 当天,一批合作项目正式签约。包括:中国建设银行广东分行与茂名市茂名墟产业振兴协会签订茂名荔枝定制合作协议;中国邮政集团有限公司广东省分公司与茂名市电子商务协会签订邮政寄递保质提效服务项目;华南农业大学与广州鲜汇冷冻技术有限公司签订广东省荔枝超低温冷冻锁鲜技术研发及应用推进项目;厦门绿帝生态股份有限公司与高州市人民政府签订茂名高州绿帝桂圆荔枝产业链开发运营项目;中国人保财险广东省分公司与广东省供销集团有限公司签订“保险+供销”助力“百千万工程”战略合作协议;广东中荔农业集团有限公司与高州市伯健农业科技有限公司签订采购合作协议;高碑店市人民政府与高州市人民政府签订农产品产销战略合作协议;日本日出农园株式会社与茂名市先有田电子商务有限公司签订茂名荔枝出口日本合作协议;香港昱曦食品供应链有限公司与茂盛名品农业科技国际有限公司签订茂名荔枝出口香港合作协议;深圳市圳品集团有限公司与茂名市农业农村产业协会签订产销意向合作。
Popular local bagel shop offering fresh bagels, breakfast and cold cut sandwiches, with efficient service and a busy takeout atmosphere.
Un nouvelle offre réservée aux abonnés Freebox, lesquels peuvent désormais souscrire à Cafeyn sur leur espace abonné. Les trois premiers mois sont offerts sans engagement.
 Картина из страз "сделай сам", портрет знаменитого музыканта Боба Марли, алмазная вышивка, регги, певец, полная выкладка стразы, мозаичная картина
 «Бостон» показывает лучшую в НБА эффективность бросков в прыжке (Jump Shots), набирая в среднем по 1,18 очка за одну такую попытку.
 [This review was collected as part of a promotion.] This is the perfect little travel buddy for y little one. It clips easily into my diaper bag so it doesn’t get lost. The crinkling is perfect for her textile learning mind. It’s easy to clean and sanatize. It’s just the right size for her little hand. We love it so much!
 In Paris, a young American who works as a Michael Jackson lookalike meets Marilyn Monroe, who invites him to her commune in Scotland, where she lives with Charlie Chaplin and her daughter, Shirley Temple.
#####
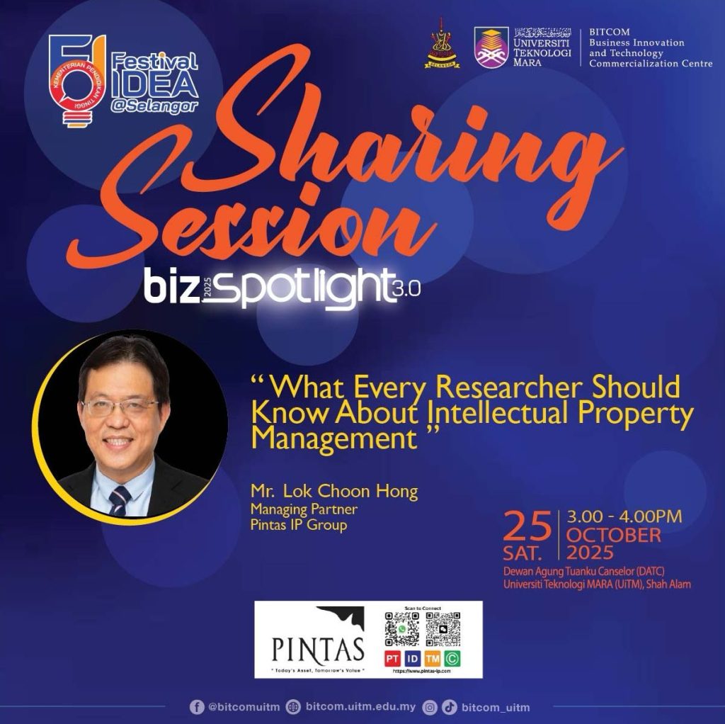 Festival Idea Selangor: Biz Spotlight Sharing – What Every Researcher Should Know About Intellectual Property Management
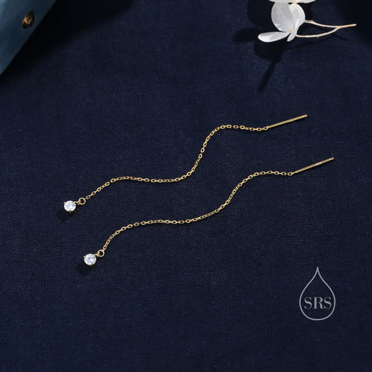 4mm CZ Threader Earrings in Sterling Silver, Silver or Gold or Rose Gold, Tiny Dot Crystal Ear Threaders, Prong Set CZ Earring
#####
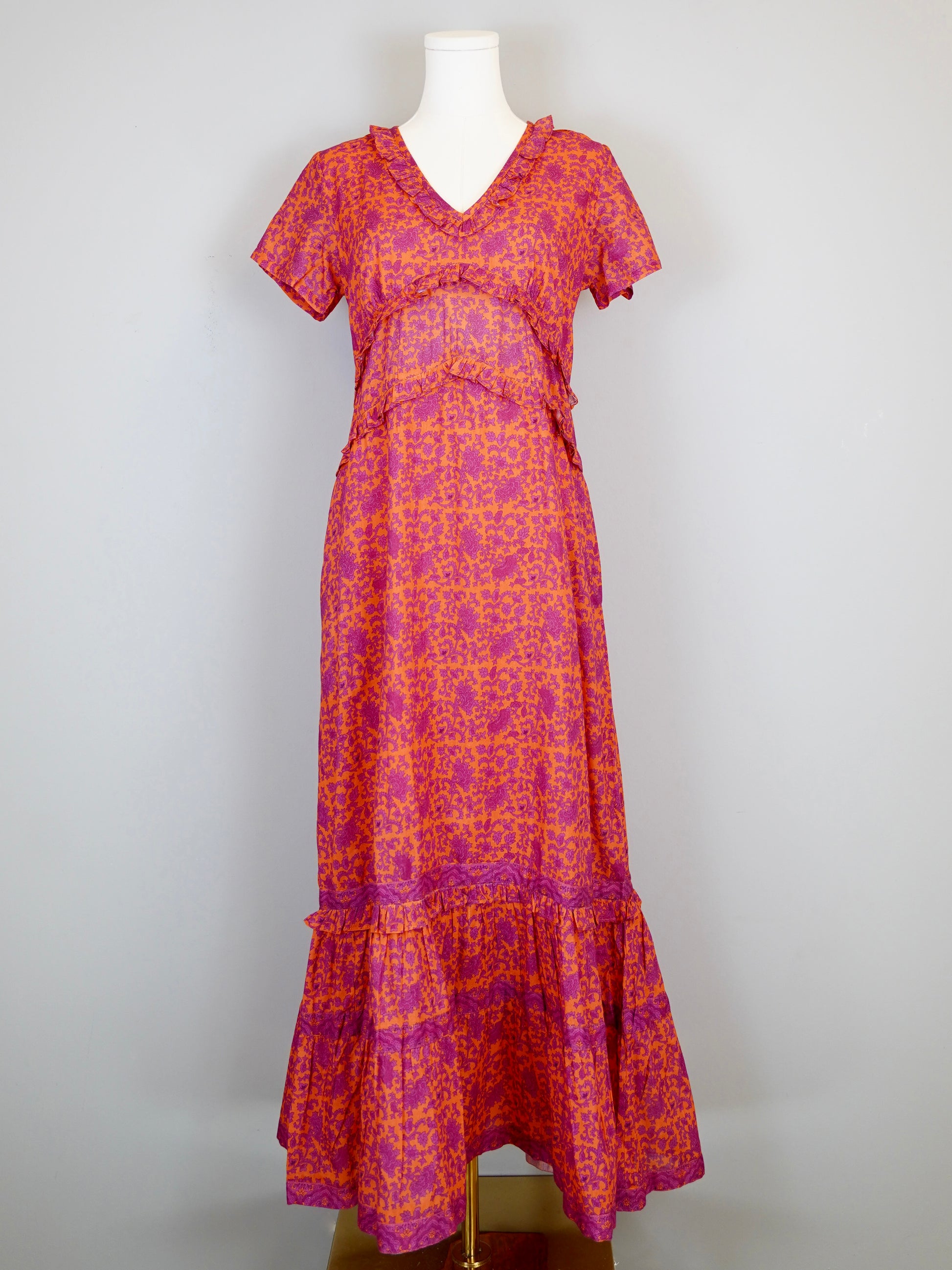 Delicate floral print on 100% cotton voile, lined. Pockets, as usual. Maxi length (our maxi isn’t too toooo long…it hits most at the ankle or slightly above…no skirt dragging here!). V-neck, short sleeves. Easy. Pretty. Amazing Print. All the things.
#####
• _WORK TO BE COMPLETED_: Please give again the lines above between the line holding "Popular local bagel" and the line holding "In Paris, a", inclusive, exactly as they are and with nothing added.

• _REPLY_:
Popular local bagel shop offering fresh bagels, breakfast and cold cut sandwiches, with efficient service and a busy takeout atmosphere.
Un nouvelle offre réservée aux abonnés Freebox, lesquels peuvent désormais souscrire à Cafeyn sur leur espace abonné. Les trois premiers mois sont offerts sans engagement.
 Картина из страз "сделай сам", портрет знаменитого музыканта Боба Марли, алмазная вышивка, регги, певец, полная выкладка стразы, мозаичная картина
 «Бостон» показывает лучшую в НБА эффективность бросков в прыжке (Jump Shots), набирая в среднем по 1,18 очка за одну такую попытку.
 [This review was collected as part of a promotion.] This is the perfect little travel buddy for y little one. It clips easily into my diaper bag so it doesn’t get lost. The crinkling is perfect for her textile learning mind. It’s easy to clean and sanatize. It’s just the right size for her little hand. We love it so much!
 In Paris, a young American who works as a Michael Jackson lookalike meets Marilyn Monroe, who invites him to her commune in Scotland, where she lives with Charlie Chaplin and her daughter, Shirley Temple.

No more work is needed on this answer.